====== Data records
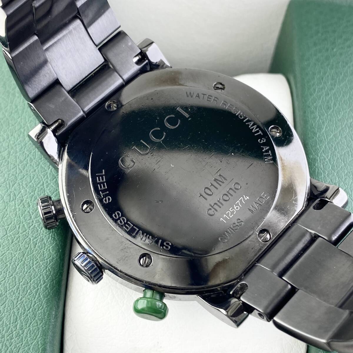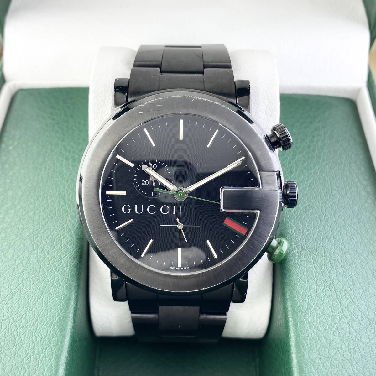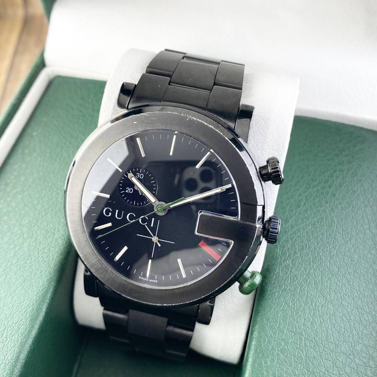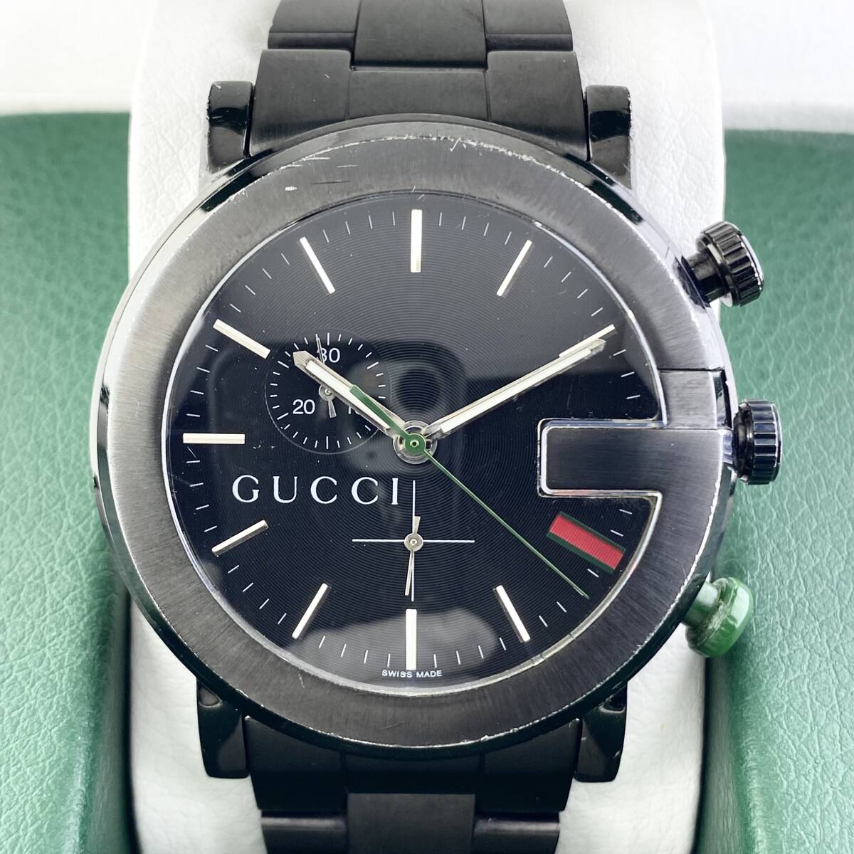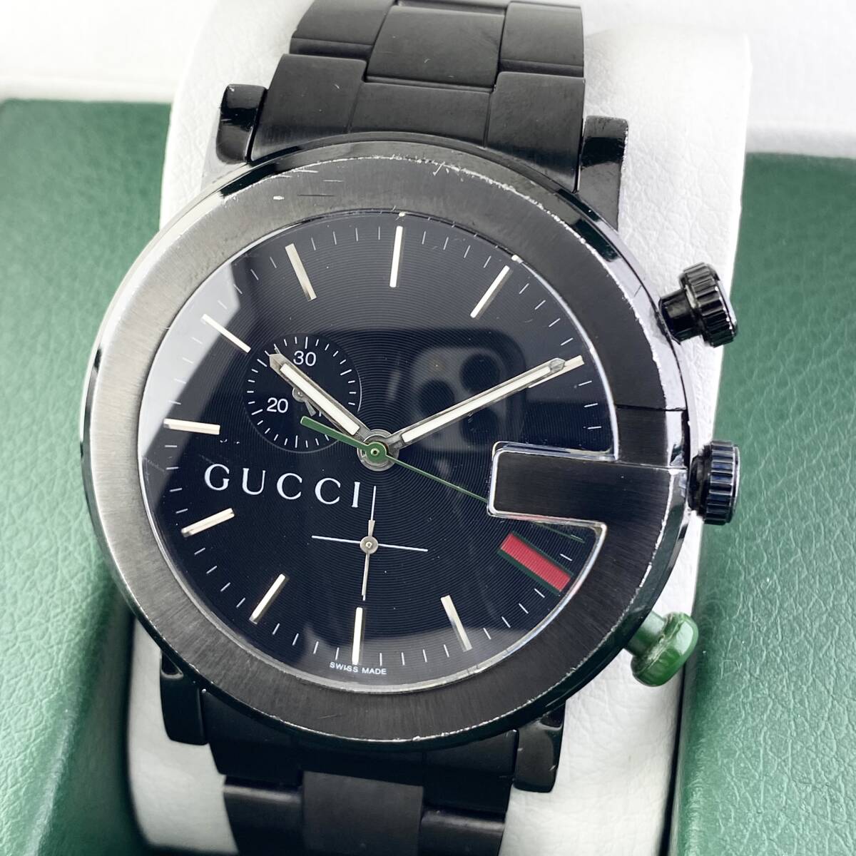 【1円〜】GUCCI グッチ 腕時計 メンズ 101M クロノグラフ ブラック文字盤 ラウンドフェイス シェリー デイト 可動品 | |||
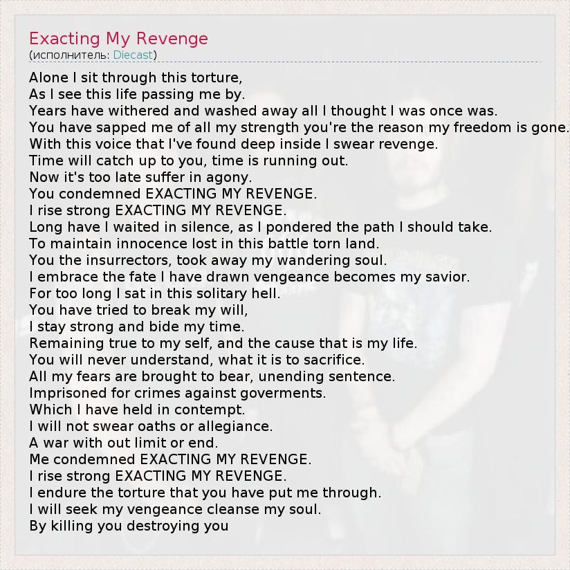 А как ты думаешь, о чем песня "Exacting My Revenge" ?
============
====== Data records
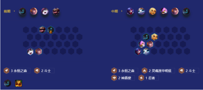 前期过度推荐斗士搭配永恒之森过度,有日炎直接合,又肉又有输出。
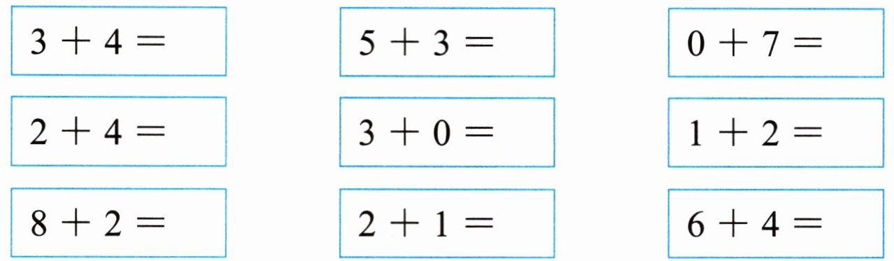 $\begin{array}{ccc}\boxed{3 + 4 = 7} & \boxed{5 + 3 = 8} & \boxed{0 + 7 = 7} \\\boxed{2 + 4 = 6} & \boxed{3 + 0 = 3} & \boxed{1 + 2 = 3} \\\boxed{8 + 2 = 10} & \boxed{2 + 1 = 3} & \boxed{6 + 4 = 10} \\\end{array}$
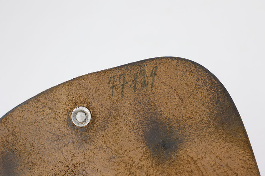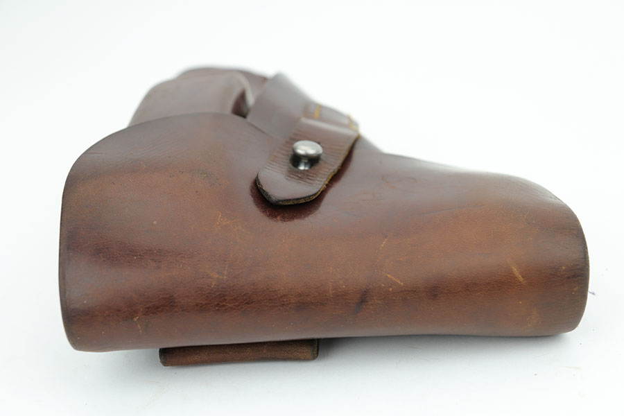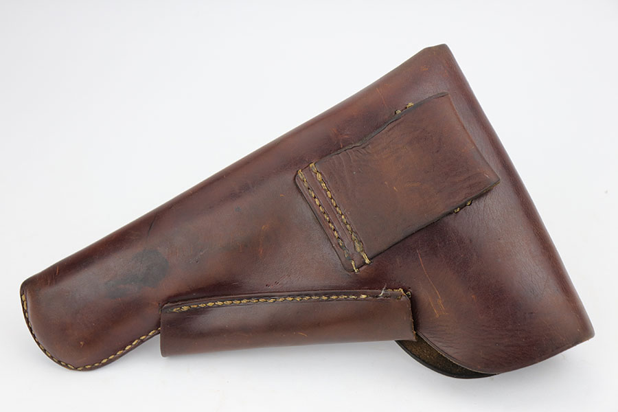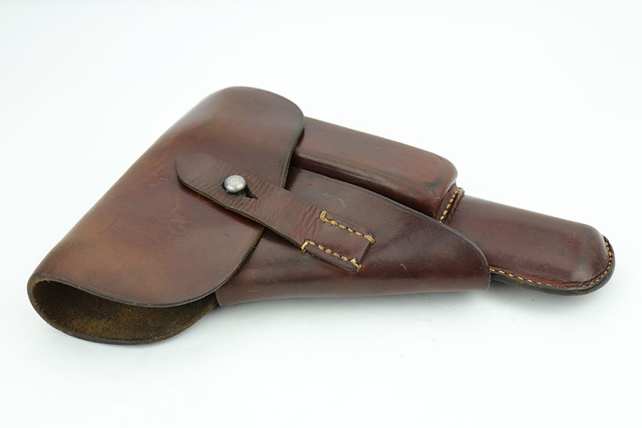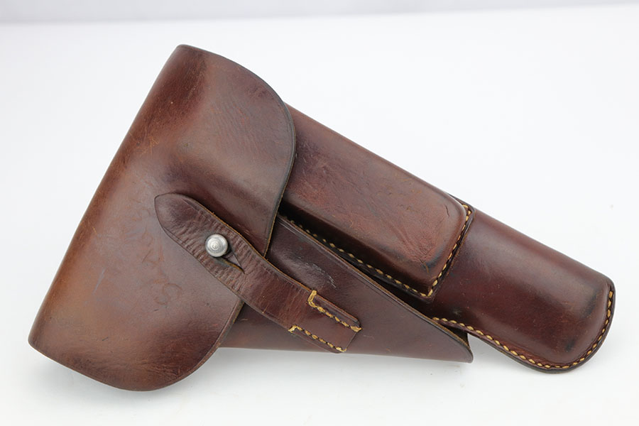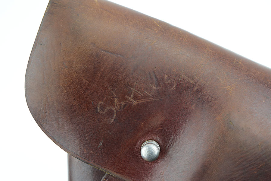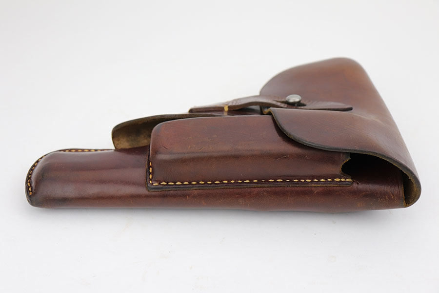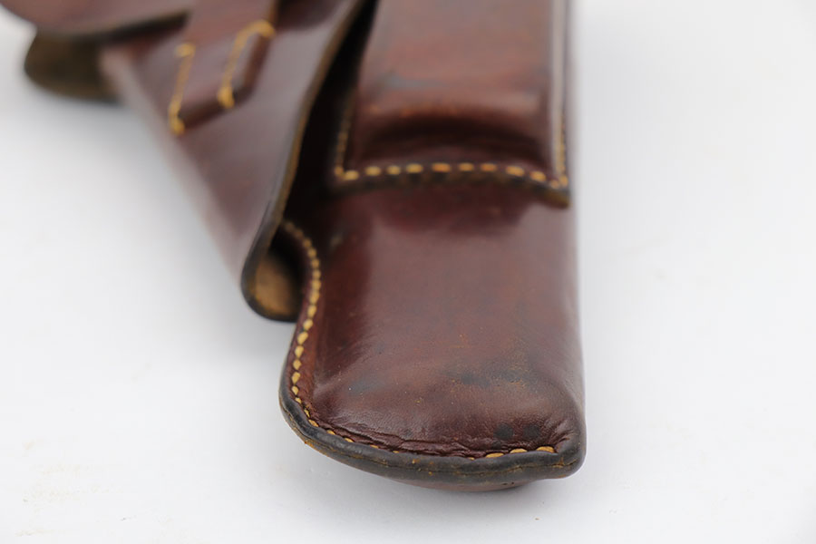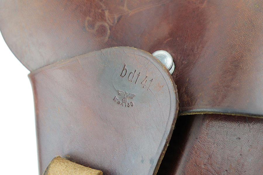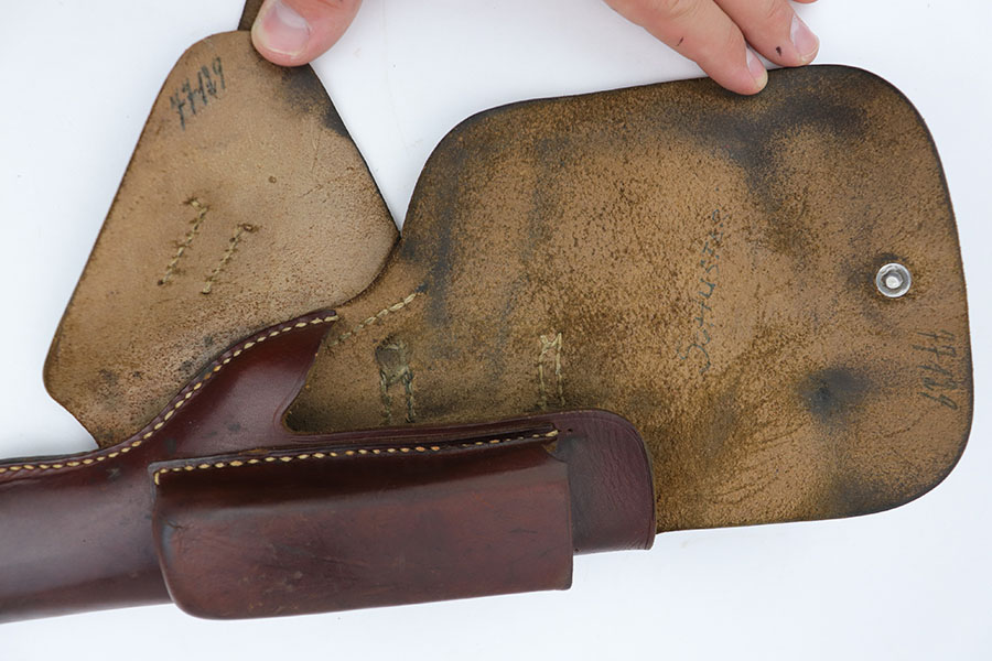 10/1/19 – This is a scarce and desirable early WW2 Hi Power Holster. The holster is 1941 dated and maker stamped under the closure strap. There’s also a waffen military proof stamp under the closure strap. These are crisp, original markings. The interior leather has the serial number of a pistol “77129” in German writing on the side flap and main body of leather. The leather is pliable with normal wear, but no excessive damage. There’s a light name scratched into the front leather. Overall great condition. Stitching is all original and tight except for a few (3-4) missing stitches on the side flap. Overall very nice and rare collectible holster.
============
[Brief]
Starting at the line containing "デイト 可動品 | |||" and finishing at the line containing "А как ты думаешь, о", return those lines exactly as they appear above, without the pictures.

[Completed exercise]
 【1円〜】GUCCI グッチ 腕時計 メンズ 101M クロノグラフ ブラック文字盤 ラウンドフェイス シェリー デイト 可動品 | |||
 А как ты думаешь, о чем песня "Exacting My Revenge" ?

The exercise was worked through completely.